About this task: Reproduce only the lines below from the line containing "Udon miso Tom yum chicken" to the line containing "Hon. Shri. Rajiv", exactly as written, with both end lines kept. Omit the pictures.

** Opening Data supplied block **

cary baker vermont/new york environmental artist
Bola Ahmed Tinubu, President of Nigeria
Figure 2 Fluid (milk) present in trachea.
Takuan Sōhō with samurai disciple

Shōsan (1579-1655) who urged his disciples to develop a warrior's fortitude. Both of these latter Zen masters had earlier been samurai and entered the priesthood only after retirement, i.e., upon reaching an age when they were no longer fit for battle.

** Closing Data supplied block **
** Opening Data supplied block **

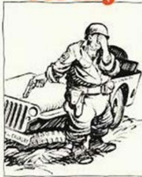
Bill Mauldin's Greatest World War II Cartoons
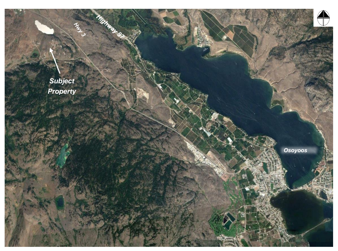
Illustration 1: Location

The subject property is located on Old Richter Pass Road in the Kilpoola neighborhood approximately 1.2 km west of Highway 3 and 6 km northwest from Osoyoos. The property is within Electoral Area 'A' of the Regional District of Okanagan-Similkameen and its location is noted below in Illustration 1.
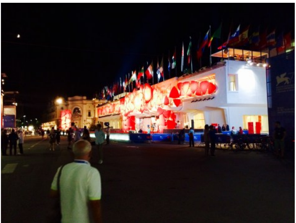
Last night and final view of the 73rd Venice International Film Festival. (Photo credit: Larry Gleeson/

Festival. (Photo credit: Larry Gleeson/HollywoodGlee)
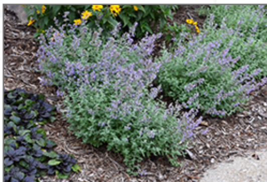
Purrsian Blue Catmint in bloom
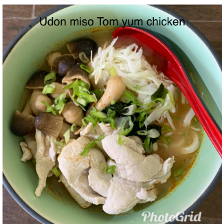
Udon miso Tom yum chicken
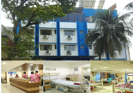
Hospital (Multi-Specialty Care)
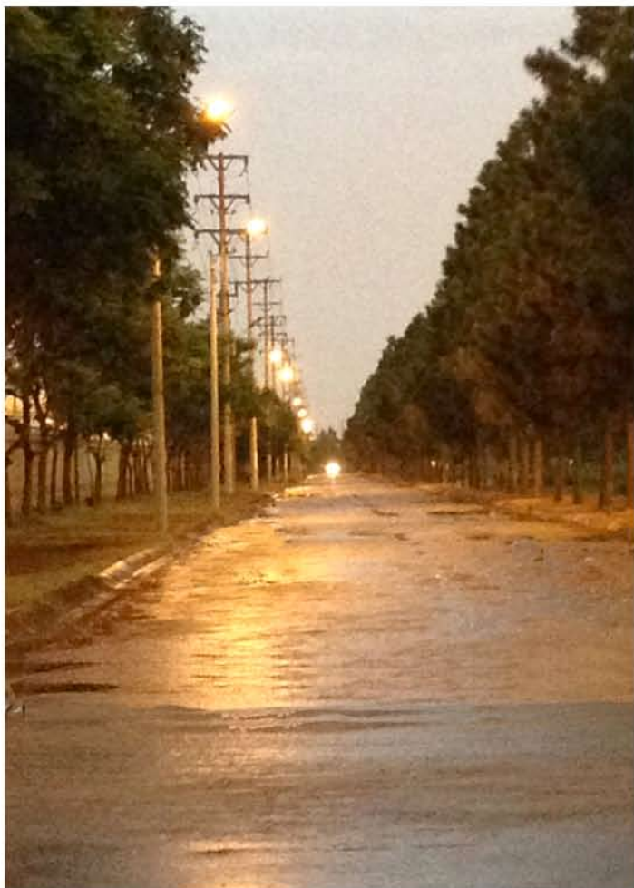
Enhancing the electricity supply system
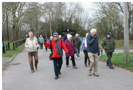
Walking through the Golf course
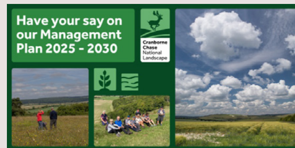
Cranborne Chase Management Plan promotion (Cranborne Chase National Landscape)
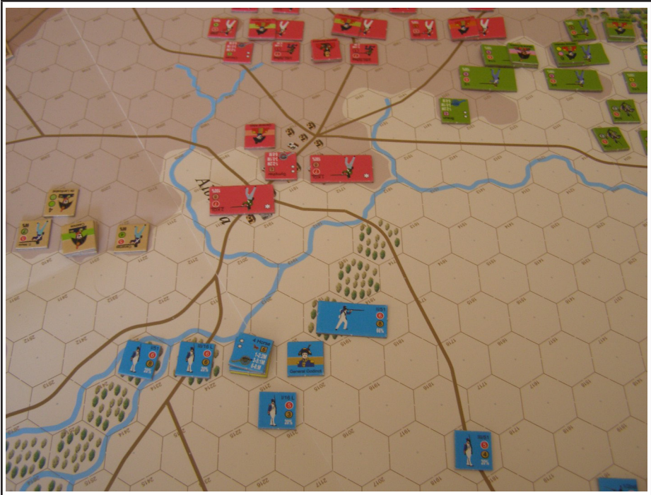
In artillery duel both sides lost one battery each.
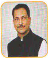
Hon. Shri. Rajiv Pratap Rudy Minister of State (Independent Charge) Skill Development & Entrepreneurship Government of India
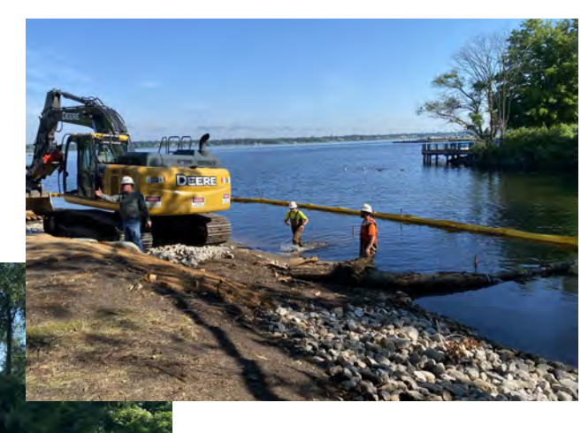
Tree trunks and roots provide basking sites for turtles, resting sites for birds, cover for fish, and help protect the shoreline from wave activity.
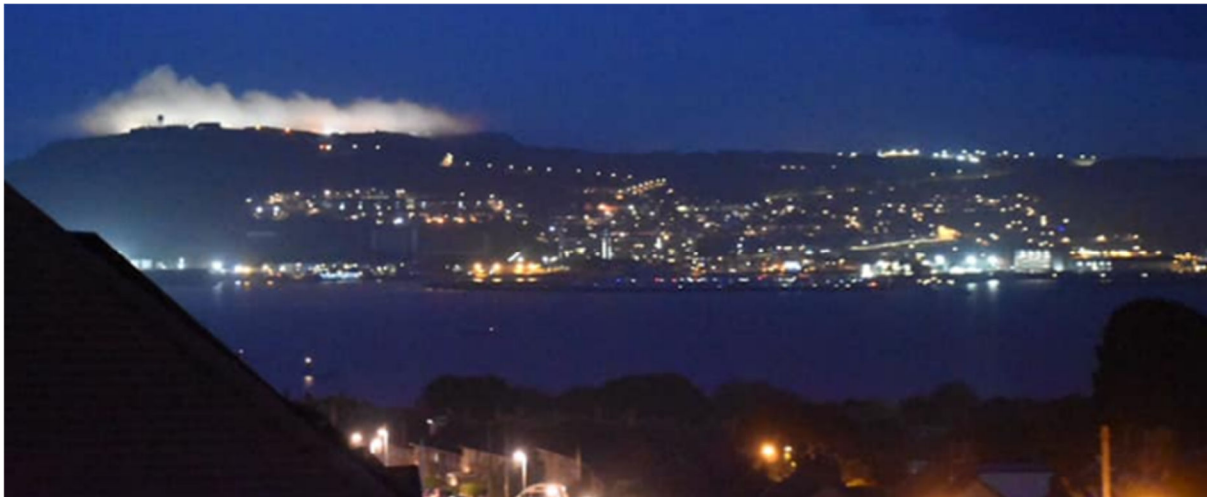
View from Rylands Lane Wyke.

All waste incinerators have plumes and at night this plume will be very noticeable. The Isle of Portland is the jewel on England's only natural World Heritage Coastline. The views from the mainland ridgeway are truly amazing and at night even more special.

** Closing Data supplied block **

Expected answer:
Udon miso Tom yum chicken
Hospital (Multi-Specialty Care)
Enhancing the electricity supply system
Walking through the Golf course
Cranborne Chase Management Plan promotion (Cranborne Chase National Landscape)
In artillery duel both sides lost one battery each.
Hon. Shri. Rajiv Pratap Rudy Minister of State (Independent Charge) Skill Development & Entrepreneurship Government of India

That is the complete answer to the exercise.